▶ Task item
Among the entries below, find the line with "This 14th-floor one-bedroom" and the line with "RHINESTONE CHANEL NECKLACE AND EARRING SET". Return exactly those lines and every line between them, but no pictures.

▶ Listed records
"""

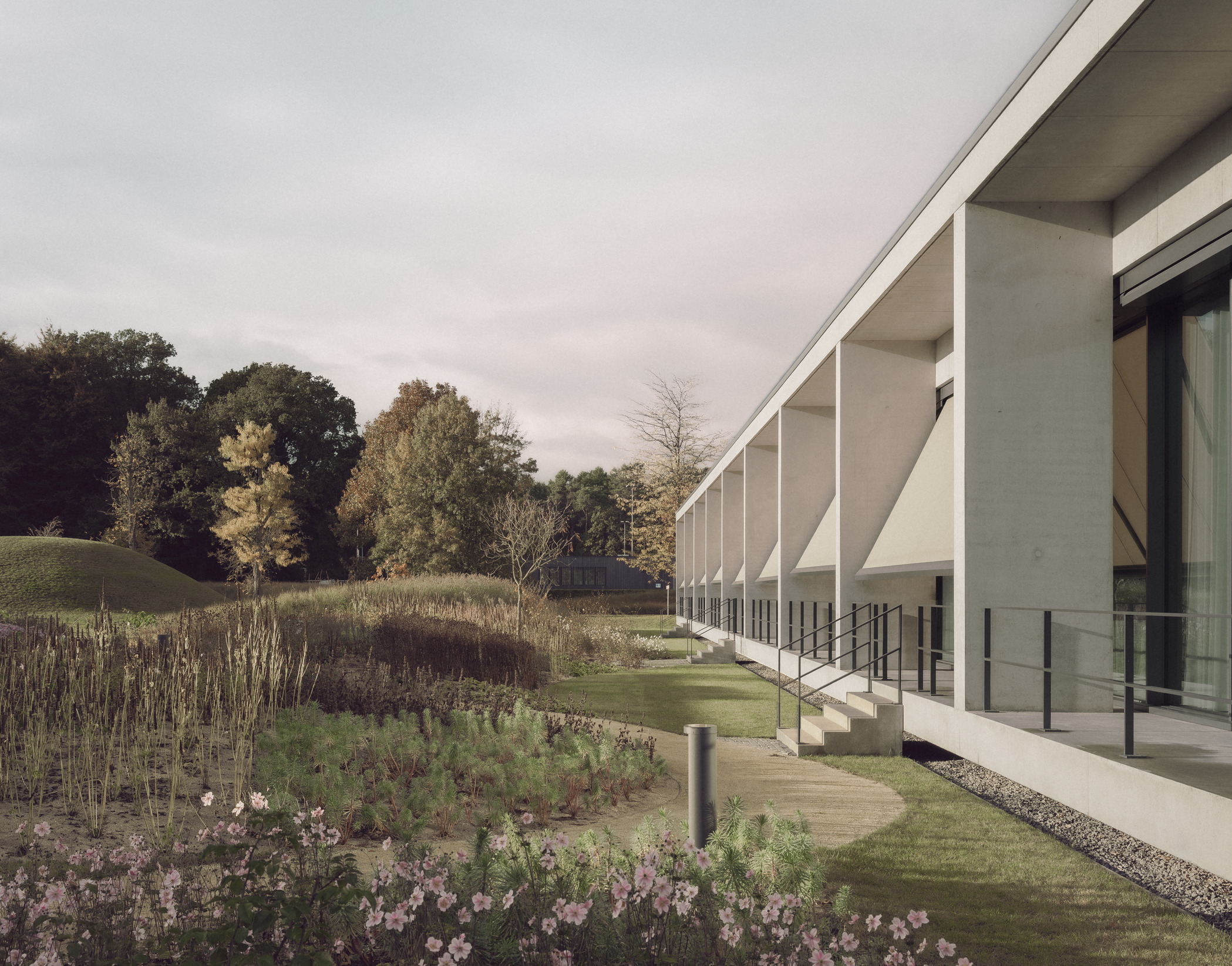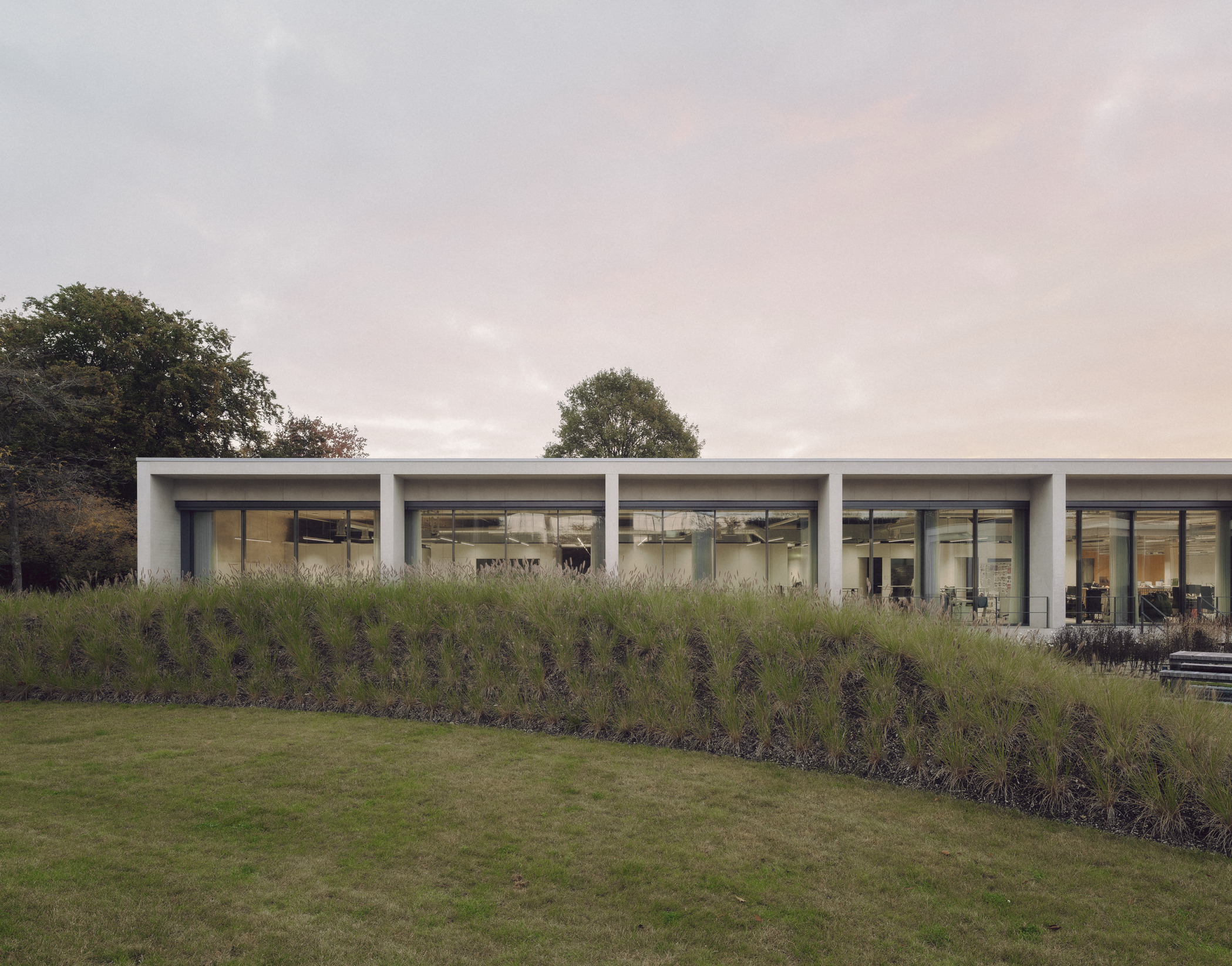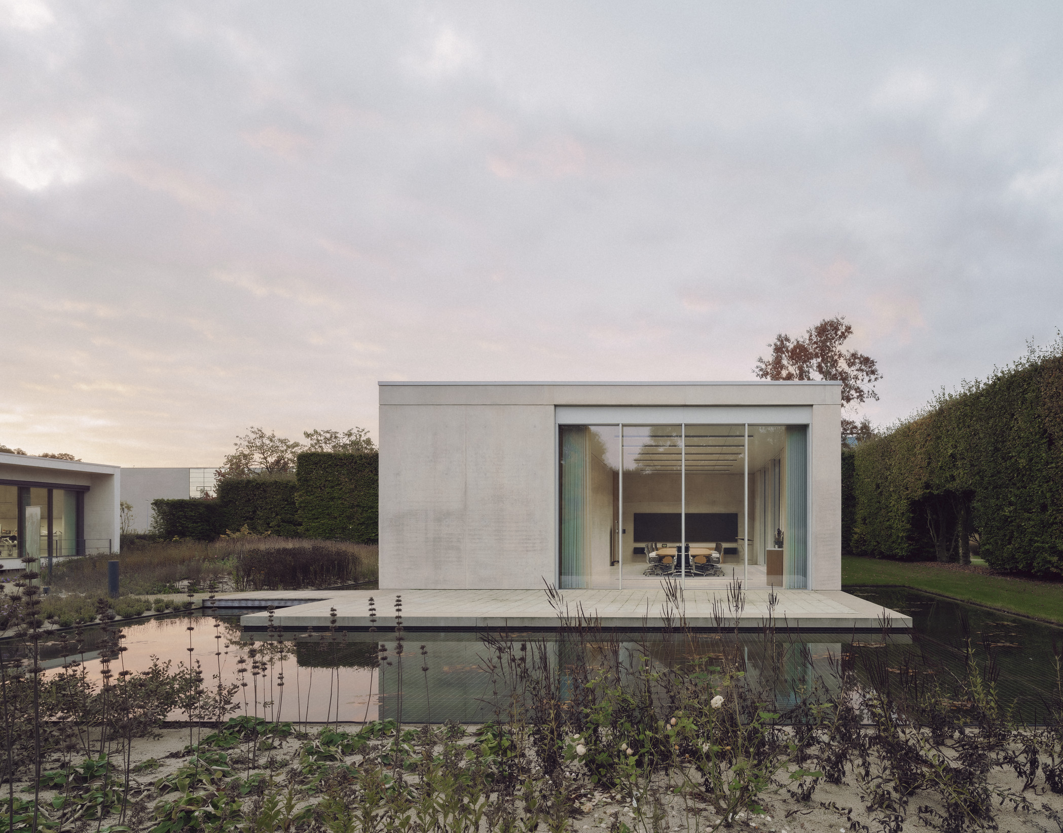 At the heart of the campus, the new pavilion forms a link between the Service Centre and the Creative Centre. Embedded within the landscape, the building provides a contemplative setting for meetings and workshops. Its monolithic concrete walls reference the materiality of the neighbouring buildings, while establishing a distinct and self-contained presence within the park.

"""
"""

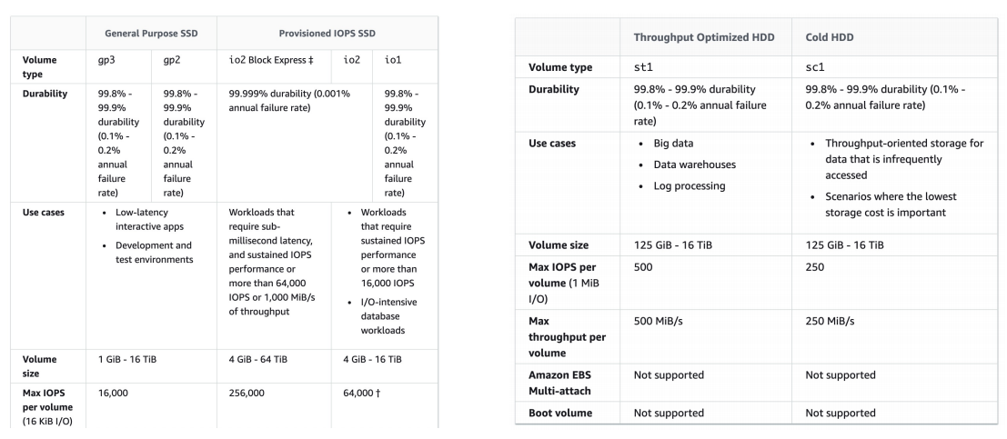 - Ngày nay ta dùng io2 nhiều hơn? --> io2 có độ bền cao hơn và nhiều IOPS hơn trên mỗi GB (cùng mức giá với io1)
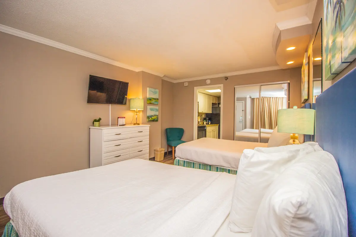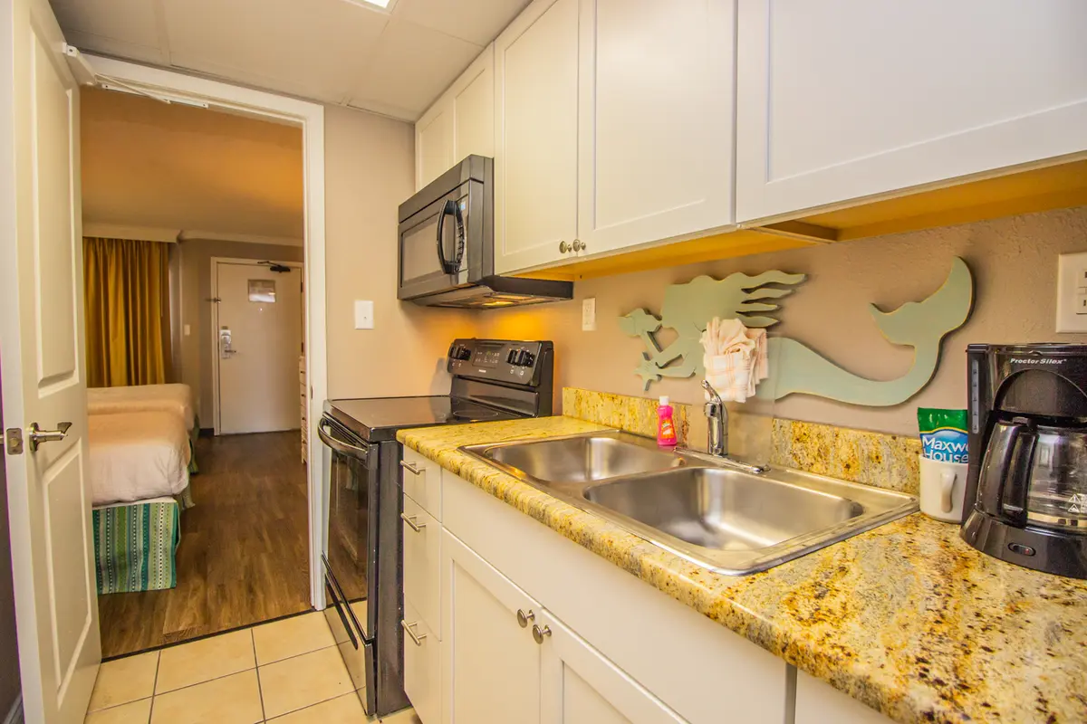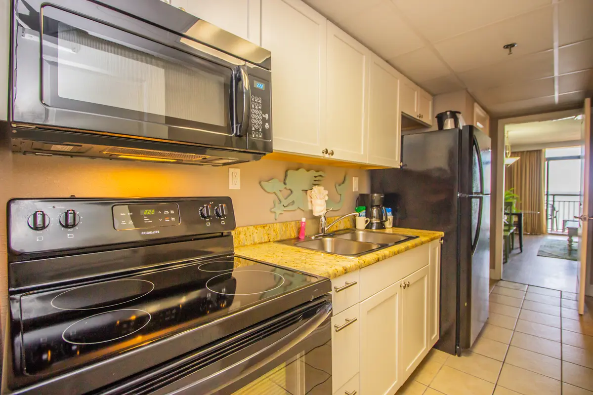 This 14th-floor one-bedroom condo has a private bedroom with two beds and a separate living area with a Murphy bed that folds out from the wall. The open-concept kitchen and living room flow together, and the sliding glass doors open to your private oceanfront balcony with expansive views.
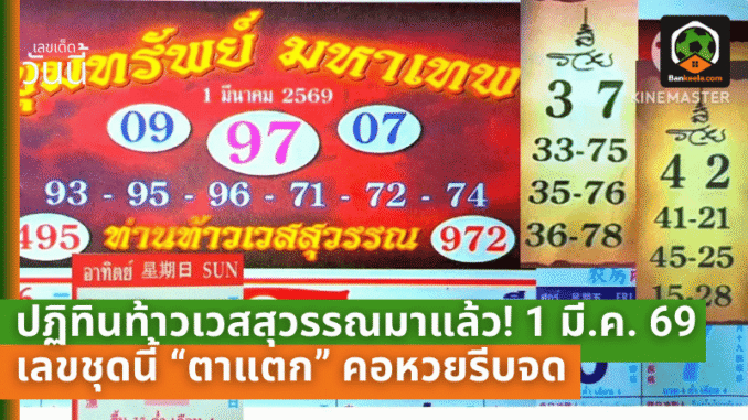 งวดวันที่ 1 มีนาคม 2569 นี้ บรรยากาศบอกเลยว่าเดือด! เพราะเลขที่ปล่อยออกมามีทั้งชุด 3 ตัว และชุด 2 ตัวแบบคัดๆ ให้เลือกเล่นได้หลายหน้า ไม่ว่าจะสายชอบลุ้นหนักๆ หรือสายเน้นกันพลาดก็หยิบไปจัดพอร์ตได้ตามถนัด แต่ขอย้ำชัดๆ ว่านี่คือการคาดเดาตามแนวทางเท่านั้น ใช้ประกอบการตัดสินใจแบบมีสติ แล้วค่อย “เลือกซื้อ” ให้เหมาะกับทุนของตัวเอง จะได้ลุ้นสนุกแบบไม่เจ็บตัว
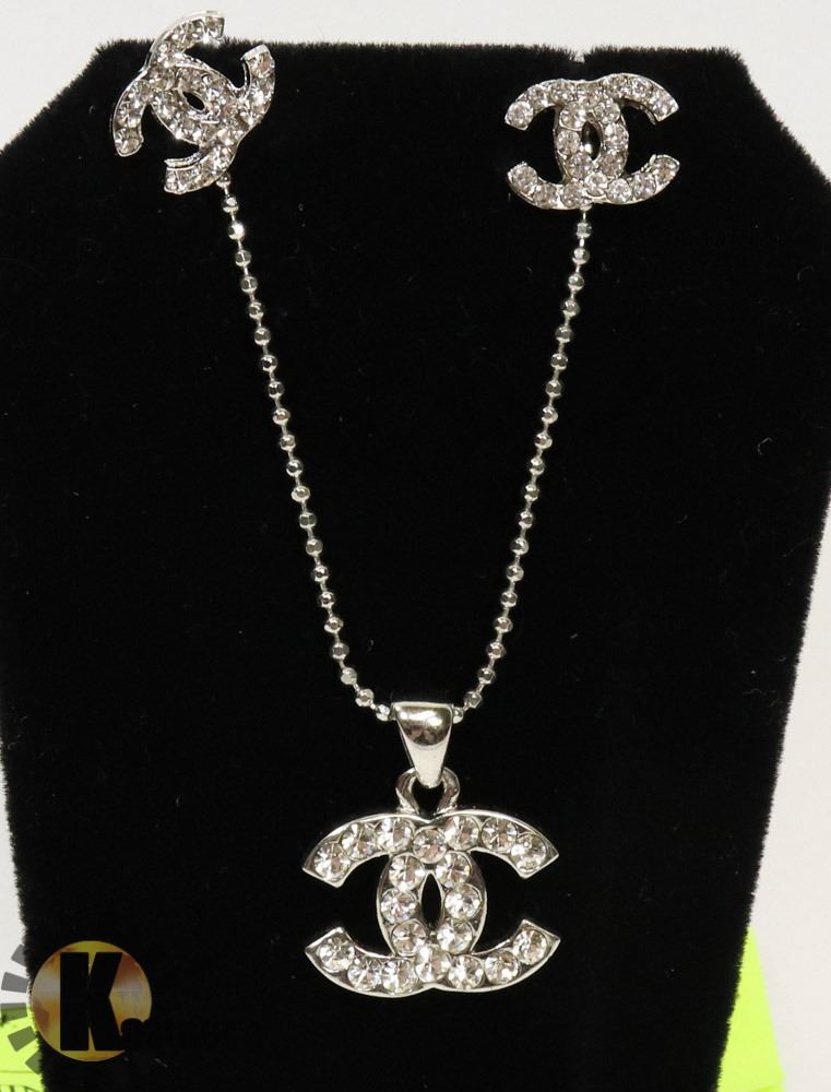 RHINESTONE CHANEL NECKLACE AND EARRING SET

"""

▶ Completed exercise
 This 14th-floor one-bedroom condo has a private bedroom with two beds and a separate living area with a Murphy bed that folds out from the wall. The open-concept kitchen and living room flow together, and the sliding glass doors open to your private oceanfront balcony with expansive views.
 งวดวันที่ 1 มีนาคม 2569 นี้ บรรยากาศบอกเลยว่าเดือด! เพราะเลขที่ปล่อยออกมามีทั้งชุด 3 ตัว และชุด 2 ตัวแบบคัดๆ ให้เลือกเล่นได้หลายหน้า ไม่ว่าจะสายชอบลุ้นหนักๆ หรือสายเน้นกันพลาดก็หยิบไปจัดพอร์ตได้ตามถนัด แต่ขอย้ำชัดๆ ว่านี่คือการคาดเดาตามแนวทางเท่านั้น ใช้ประกอบการตัดสินใจแบบมีสติ แล้วค่อย “เลือกซื้อ” ให้เหมาะกับทุนของตัวเอง จะได้ลุ้นสนุกแบบไม่เจ็บตัว
 RHINESTONE CHANEL NECKLACE AND EARRING SET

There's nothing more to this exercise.